Oh yeah, I’ve read it…
The folks at the blog Book Riot surveyed over 800 of their readers, asking what books they pretend to have read. The “winners”…
- Pride and Prejudice by Jane Austen (85 mentions)
- Ulysses by James Joyce
- Moby-Dick by Herman Melville
- War and Peace by Leo Tolstoy
- The Bible
- 1984 by George Orwell
- The Lord of the Rings by J.R.R. Tolkien
- The Great Gatsby by F. Scott Fitzgerald
- Anna Karenina by Leo Tolstoy
- Catcher in the Rye by J.D. Salinger
- Infinite Jest by David Foster Wallace
- Catch-22 by Joseph Heller
- To Kill a Mockingbird by Harper Lee
- Fifty Shades of Grey by E.L. James
- Jane Eyre by Charlotte Bronte
- Crime and Punishment by Fyodor Dostoevsky
- Wuthering Heights by Emily Bronte
- Great Expectations by Charles Dickens
- Harry Potter (series) by J.K. Rowling
- A Tale of Two Cities by Charles Dickens (21 mentions)

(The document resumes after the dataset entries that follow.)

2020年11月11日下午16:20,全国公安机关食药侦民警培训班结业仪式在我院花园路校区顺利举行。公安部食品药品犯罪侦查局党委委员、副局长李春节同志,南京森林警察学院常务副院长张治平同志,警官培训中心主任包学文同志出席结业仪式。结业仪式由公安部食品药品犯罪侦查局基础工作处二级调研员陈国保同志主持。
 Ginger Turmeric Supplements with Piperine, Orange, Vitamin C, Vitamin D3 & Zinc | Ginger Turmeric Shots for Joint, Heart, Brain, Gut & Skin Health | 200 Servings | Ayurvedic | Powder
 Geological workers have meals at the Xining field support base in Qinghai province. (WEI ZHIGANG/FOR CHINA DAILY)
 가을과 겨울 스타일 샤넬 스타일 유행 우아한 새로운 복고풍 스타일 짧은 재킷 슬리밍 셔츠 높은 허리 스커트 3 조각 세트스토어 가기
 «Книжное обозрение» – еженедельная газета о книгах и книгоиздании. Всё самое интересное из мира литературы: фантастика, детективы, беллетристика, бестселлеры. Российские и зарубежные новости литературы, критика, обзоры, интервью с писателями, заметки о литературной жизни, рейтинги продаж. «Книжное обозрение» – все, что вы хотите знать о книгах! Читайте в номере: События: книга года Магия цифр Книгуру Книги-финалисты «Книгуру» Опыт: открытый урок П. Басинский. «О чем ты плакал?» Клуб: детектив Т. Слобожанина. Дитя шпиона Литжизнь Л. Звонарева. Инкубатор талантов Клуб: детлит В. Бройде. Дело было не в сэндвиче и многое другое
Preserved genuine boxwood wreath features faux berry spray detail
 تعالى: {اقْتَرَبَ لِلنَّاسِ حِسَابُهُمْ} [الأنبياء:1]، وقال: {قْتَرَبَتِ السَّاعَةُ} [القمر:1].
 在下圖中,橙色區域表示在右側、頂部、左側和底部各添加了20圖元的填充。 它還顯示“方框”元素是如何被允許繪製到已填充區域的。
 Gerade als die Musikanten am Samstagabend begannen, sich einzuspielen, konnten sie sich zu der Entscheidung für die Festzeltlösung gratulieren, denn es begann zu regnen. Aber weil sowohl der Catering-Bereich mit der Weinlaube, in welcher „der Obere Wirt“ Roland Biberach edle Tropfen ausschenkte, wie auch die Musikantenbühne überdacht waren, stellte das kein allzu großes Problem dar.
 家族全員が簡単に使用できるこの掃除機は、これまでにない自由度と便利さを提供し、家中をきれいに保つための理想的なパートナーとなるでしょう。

The full list does contain some (though not much) non-fiction; Critique of Pure Reason and The Communist Manifesto make the top 50. Still, it’s a surprise not to see A Brief History of Time near the top…
Read the full story here— and enjoy the comparisons with their “best-loved” and “intended to read” lists.
[Image above sourced here.]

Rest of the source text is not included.